» WHAT TO PRODUCE
Nothing but the lines below from the one that contains "This beautiful 2-piece" through the one that contains "V ljubljanskem Klubu" should be retyped, exactly and including both ends. Do not include pictures.

» RECORD EXCERPTS
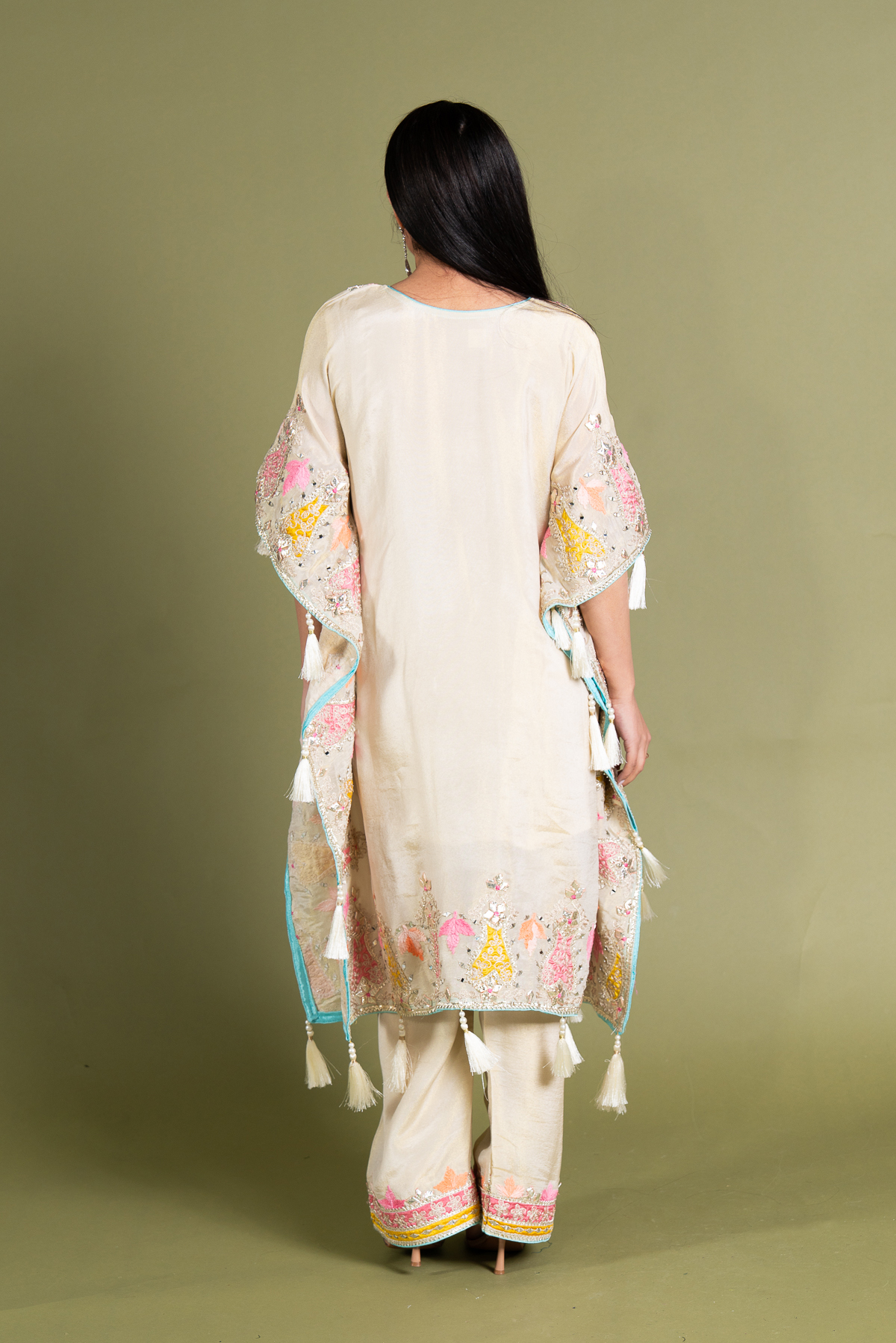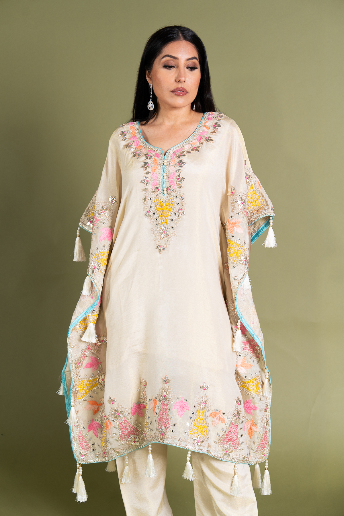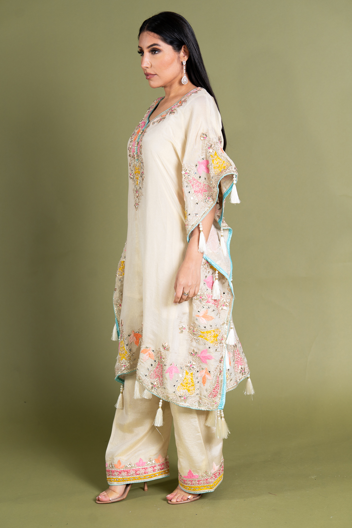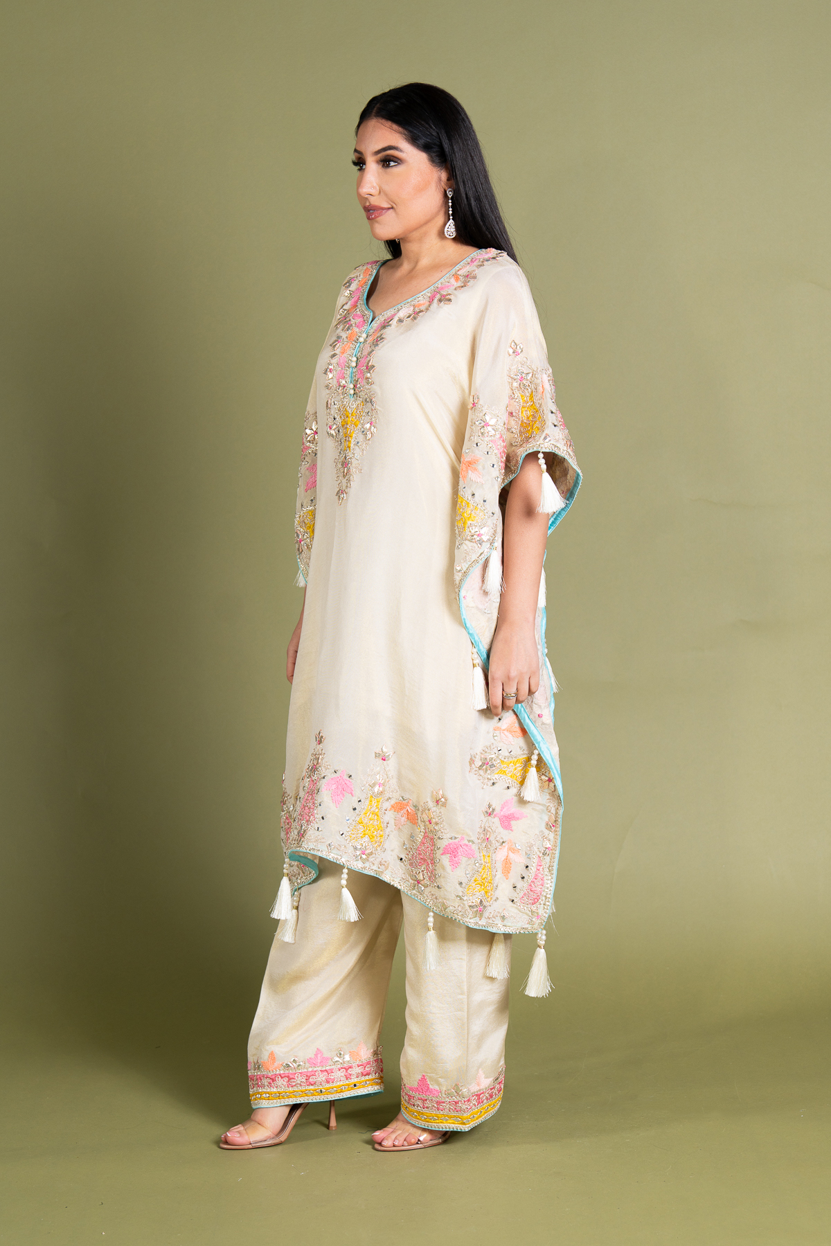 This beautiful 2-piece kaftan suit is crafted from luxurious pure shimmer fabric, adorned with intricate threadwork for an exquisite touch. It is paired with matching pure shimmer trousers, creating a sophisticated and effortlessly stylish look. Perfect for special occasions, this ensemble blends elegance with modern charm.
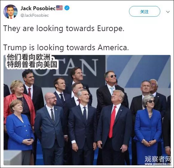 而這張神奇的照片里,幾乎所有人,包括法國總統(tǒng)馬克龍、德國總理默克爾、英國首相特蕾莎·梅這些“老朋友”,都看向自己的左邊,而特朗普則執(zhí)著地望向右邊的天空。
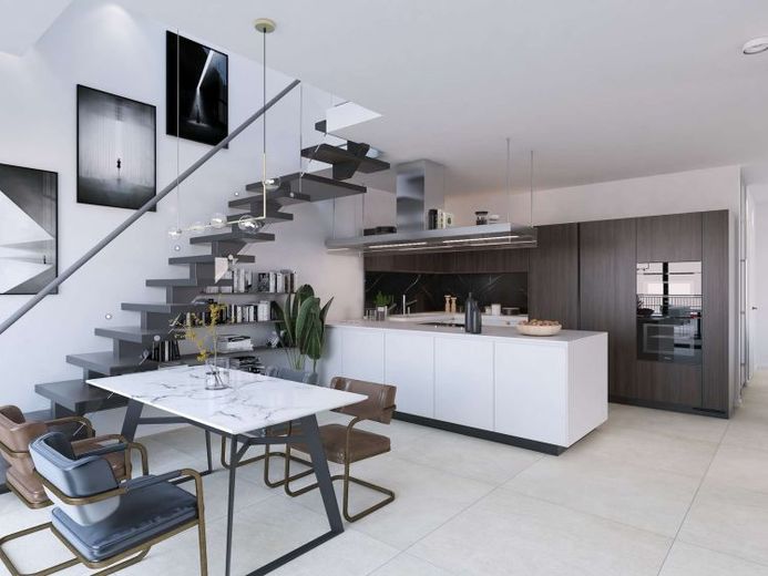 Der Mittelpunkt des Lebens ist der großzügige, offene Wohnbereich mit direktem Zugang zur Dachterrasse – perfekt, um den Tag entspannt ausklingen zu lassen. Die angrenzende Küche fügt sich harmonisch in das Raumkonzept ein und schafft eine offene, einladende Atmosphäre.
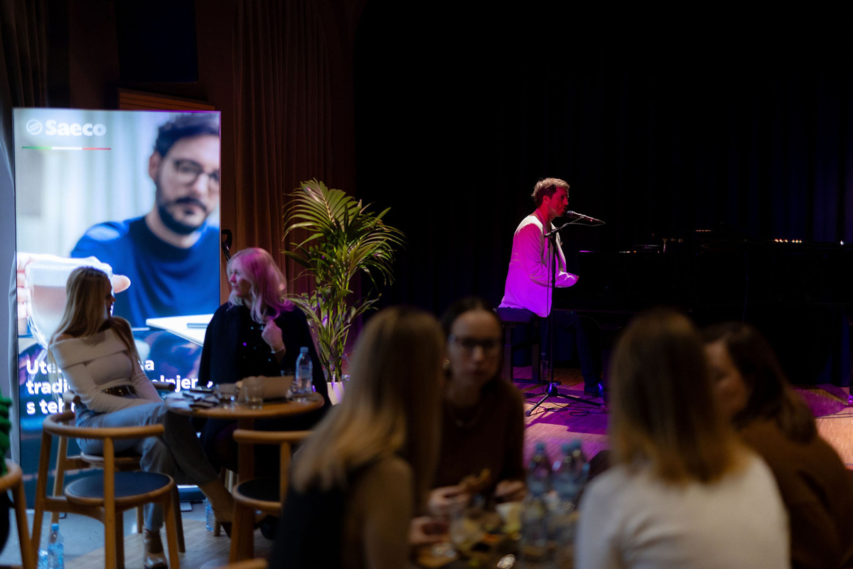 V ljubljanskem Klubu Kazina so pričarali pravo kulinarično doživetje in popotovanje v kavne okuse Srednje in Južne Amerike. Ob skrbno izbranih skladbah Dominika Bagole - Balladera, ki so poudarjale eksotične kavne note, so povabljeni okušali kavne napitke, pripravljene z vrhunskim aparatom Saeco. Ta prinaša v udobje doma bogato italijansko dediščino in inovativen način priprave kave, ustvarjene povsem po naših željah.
...
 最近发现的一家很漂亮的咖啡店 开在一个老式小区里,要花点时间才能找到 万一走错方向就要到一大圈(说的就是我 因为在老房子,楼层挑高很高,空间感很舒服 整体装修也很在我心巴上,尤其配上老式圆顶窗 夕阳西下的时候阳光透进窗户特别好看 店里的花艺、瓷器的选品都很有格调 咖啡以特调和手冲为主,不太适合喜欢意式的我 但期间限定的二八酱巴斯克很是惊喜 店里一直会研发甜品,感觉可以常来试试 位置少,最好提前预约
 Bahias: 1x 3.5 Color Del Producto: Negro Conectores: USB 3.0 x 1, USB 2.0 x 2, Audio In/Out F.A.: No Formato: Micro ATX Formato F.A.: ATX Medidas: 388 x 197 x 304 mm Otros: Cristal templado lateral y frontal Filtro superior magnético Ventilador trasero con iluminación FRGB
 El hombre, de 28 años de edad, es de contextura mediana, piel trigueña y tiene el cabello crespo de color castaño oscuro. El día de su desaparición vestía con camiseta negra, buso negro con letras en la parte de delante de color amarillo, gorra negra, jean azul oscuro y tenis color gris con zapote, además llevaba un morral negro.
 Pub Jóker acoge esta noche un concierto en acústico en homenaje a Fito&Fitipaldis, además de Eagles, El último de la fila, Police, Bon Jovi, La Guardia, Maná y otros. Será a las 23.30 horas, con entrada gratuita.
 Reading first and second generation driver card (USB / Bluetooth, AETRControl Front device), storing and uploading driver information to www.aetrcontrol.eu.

» SOLVED EXERCISE
 This beautiful 2-piece kaftan suit is crafted from luxurious pure shimmer fabric, adorned with intricate threadwork for an exquisite touch. It is paired with matching pure shimmer trousers, creating a sophisticated and effortlessly stylish look. Perfect for special occasions, this ensemble blends elegance with modern charm.
 而這張神奇的照片里,幾乎所有人,包括法國總統(tǒng)馬克龍、德國總理默克爾、英國首相特蕾莎·梅這些“老朋友”,都看向自己的左邊,而特朗普則執(zhí)著地望向右邊的天空。
 Der Mittelpunkt des Lebens ist der großzügige, offene Wohnbereich mit direktem Zugang zur Dachterrasse – perfekt, um den Tag entspannt ausklingen zu lassen. Die angrenzende Küche fügt sich harmonisch in das Raumkonzept ein und schafft eine offene, einladende Atmosphäre.
 V ljubljanskem Klubu Kazina so pričarali pravo kulinarično doživetje in popotovanje v kavne okuse Srednje in Južne Amerike. Ob skrbno izbranih skladbah Dominika Bagole - Balladera, ki so poudarjale eksotične kavne note, so povabljeni okušali kavne napitke, pripravljene z vrhunskim aparatom Saeco. Ta prinaša v udobje doma bogato italijansko dediščino in inovativen način priprave kave, ustvarjene povsem po naših željah.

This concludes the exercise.